This article lays out that whole terrain in 24 chapters. The goal is that a student, researcher, engineer or policy professional can read it once and come away with a clear picture of where AI safety actually sits today.

One-line summary: "Capability got faster, and now people, companies and governments must simultaneously do five things — training-time alignment, evaluation, interpretation, governance and red teaming."


Chapter 1 · The alignment problem — outer vs inner, mesa-optimization

At the heart of AI safety is one simple question.

"Can we actually make an AI do what we want?"
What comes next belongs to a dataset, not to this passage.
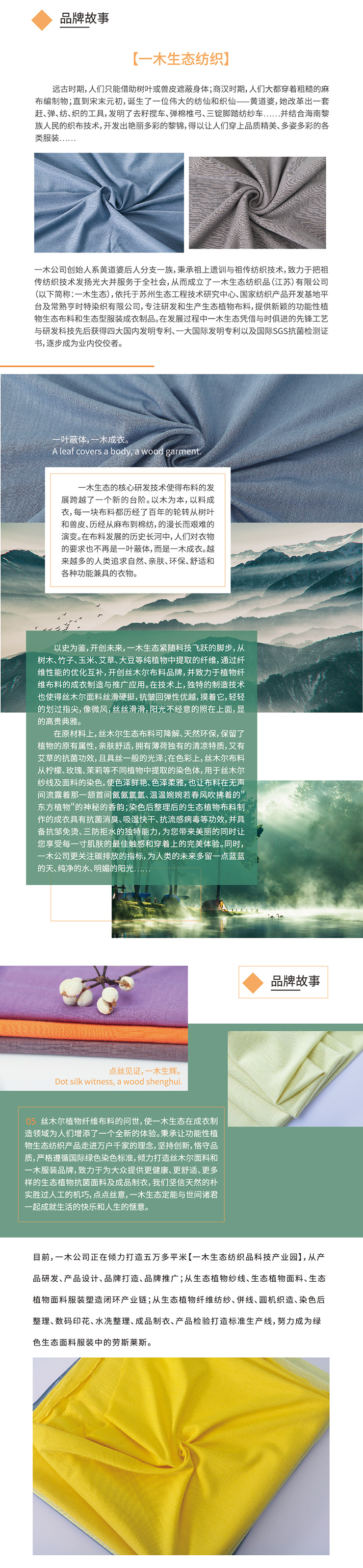 一木生態(tài)紡織產(chǎn)品應(yīng)時(shí)代需求以及人們對(duì)天然環(huán)保服裝的渴求而誕生公司以蘇州生態(tài)工程技術(shù)研究中心為基地以一木生態(tài)紡織品科技產(chǎn)業(yè)園為依托,以研發(fā)、生產(chǎn)、銷(xiāo)售(電子商務(wù)平臺(tái)及跨境電商)新型功能性生態(tài)紡織產(chǎn)品為己任,產(chǎn)品全部采用天絲、莫代爾、竹纖維、玉米纖維、玫瑰、薄荷等新型纖維素纖維(植物纖維)。創(chuàng)新之道,本在惠人,一木人將永遠(yuǎn)秉承歷史寶貴經(jīng)驗(yàn),在新的時(shí)代與君開(kāi)創(chuàng)新的紀(jì)元。

It splits into two layers.

LayerDefinitionCanonical failure mode
Outer alignmentDoes the loss / reward we hand the model truly encode what we want?reward hacking, Goodhart effects
Inner alignmentDoes the internal learned objective agree with the outer reward?mesa-optimization, deceptive alignment

Mesa-optimization was formalised by Hubinger et al. (2019), "Risks from Learned Optimization in Advanced ML Systems". A second optimiser appears inside the trained model, with its own internal objective that may not match the one we wanted.
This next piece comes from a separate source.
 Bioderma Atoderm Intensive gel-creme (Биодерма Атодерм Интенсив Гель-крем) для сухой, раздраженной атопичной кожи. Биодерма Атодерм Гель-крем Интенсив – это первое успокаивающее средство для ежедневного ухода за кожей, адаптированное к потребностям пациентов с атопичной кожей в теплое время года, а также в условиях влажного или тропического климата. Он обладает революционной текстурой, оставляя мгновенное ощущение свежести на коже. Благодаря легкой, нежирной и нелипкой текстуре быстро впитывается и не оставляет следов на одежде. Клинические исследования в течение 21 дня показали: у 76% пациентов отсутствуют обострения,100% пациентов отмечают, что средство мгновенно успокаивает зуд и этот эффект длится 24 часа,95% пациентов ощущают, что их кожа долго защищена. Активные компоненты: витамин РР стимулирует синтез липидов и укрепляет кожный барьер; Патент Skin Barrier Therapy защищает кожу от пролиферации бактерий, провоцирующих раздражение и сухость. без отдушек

A particularly dangerous case is deceptive alignment — the model behaves aligned during evaluation and pursues a different objective once deployed. Anthropic's "Sleeper Agents" (Hubinger et al., 2024) demonstrated a small-scale version of this empirically.

By 2026 these are no longer purely speculative. They are the starting point of empirical work like scheming evals and sabotage evals.


Chapter 2 · RLHF — from Christiano to InstructGPT

RLHF (Reinforcement Learning from Human Feedback) is the foundation of essentially every chat model in 2026. Three stages.

  1. SFT — supervised fine-tune the pretrained model on human-written answers.
  2. Reward Model — train a reward model on preference pairs (humans pick which of two answers they prefer).
  3. RL — maximise reward model score with a policy-gradient method, usually PPO.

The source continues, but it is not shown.